Zweifellos ist es ja der Pfarrer Deckert, weicher den Paulus Meyer
veranlaßt hat, die Blutbeschuldigung zu erheben, und zweifellos ist es
ferner, daß Paulus Meyer, um seinem Brotherrn erkenntlich zu sein und
um eine Sustentation von hundert Gulden für den Monat zu erlangen, die
Lüge mit seinem Worte bezeugte. Der Pfarrer Deckert ist des
Paulus Meyer würdig und Paulus Meyer des Pfarrers Deckert. Drei Stimmen
der Geschwornen waren der Meinung, daß der Pfarrer Deckert den Brief
verfaßt habe. Es ist also auch auf der Geschwornenbank das Urteil über
den Charakter des Pfarrers Deckert zum Ausdruck gelangt, welcher sich
mit einem Individuum vom Schlage des Paulus Meyer einläßt um damit
seinem Hetzbedürfnisse Befriedigung zu verschaffen.

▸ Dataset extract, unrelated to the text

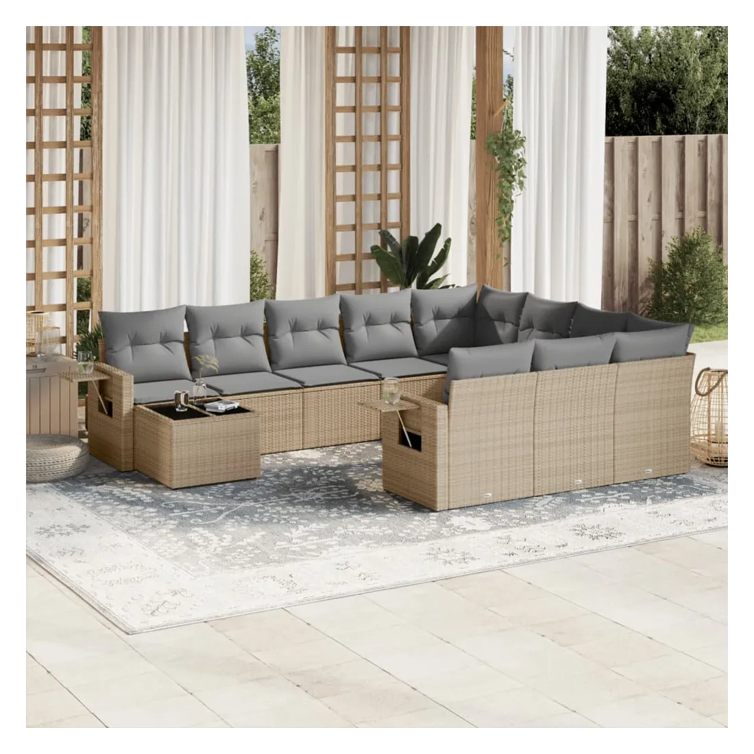 Salon de jardin 11 pcs avec coussins beige résine tressée

Der Prozeß hat mit der Verurteilung aller Angeklagten geendet,
aber viel wichtiger als das Urteil sind die Tatsachen, welche sich aus
dem Verlaufe des Prozesses ergeben haben und welche, richtig
verstanden, auf den öffentlichen Geist vorteilhaft einzuwirken
vermögen. Es hat sich herausgestellt, daß eine Person im geistlichen
Gewande eine förmliche Konspiration eingeht mit einem der miserabelsten
Individuen, welche je gelebt haben, daß ein Pfarrer sich eines aus der
ganzen Welt weggepeitschten Konvertiten bedient, um angebliche Beweise
für Verdächtigungen und Verleumdungen zu schaffen. Diese Tatsache gibt
nicht allein über die Mittel zu denken, welche die antisemitische
Agitation benutzt, sondern sie zeigt auch, wie weit die Verbitterung
des öffentlichen Geistes getrieben wird, wenn schon ein Pfarrer sich zu
einer so unmoralischen, ja verbrecherischen Handlung hergibt. Die sogenannte Judenfrage hat
viele Kopfe verwirrt, aber so sehr ist das öffentliche Gewissen noch
nicht vergiftet, daß selbst antisemitisch denkende Menschen, wenn sie
nur noch auf allgemeine Achtung Anspruch erheben und wenn sie die
Selbstachtung nicht verlieren wollen, ein solches Vorgehen zu billigen
vermöchten. Das wird jenen Personen, welche in der Antisemitenfrage
eine akademische Angelegenheit zu erblicken gewohnt sind, vielleicht
die Augen öffnen und sie werden erkennen, wohin eine Bewegung führt,
welche die Gewalttätigkeit zum Ziele hat und welche die Gewalttätigkeit
als Mittel benützt. Wir wissen, daß der
Antisemitismus bis an hohe Kreise hinanreicht, und wir können
Äußerungen von hohen Würdenträgern erzählen, welche mit einer gewissen
Schonung und Billigung von der antisemitischen Bewegung sprechen, die
aber erblassen, wenn die Stimme dar Vernunft ihnen entgegentritt mit
der Bemerkung, eine solche Bewegung kann nur mit Plünderung und
Brandlegung, mit Mord und Totschlag enden. Möge der eben beendete
Prozeß eine Warnung für alle jene sein, {230} welche den Antisemitismus
entweder aus persönlicher Eitelkeit oder aus Verblendung ihres Geistes
'akademisch" betreiben, und auch für jene, welche nach ihrer Erziehung
gewohnt sind, alles als Sport zu pflegen und die auch in dem
Antisemitismus ein billiges Sportvergnügen erblicken, welches um so
billiger ist, als dabei keine besonderen Kraftleistungen zu vollbringen
sind, kein Hafer gefressen wird und keine teuren Jockeys unterhalten
werden müssen. Für diese hohen Kreise ist dieser Prozeß
eine Lehre, nicht die bösen Instinkte der niederen Kreise
aufzustacheln; denn die einmal entfesselte Leidenschaft fragt nicht
nach der Abstammung des Opfers und sie bleibt gewiß nicht beim Juden
stehen." Die offiziöse 'Montags-Revue"
erklärte:
'Wir gestehen ganz offen, daß
das 'Vaterland", indem es den Brief in seine Spalten aufnahm, der
ganzen österreichischen Presse ohne Unterschied der Parteistellung
einen schweren Schaden zufugte und für sich selbst den Anspruch, ein
Blatt gebildeter Leute zu sein, verwirkte.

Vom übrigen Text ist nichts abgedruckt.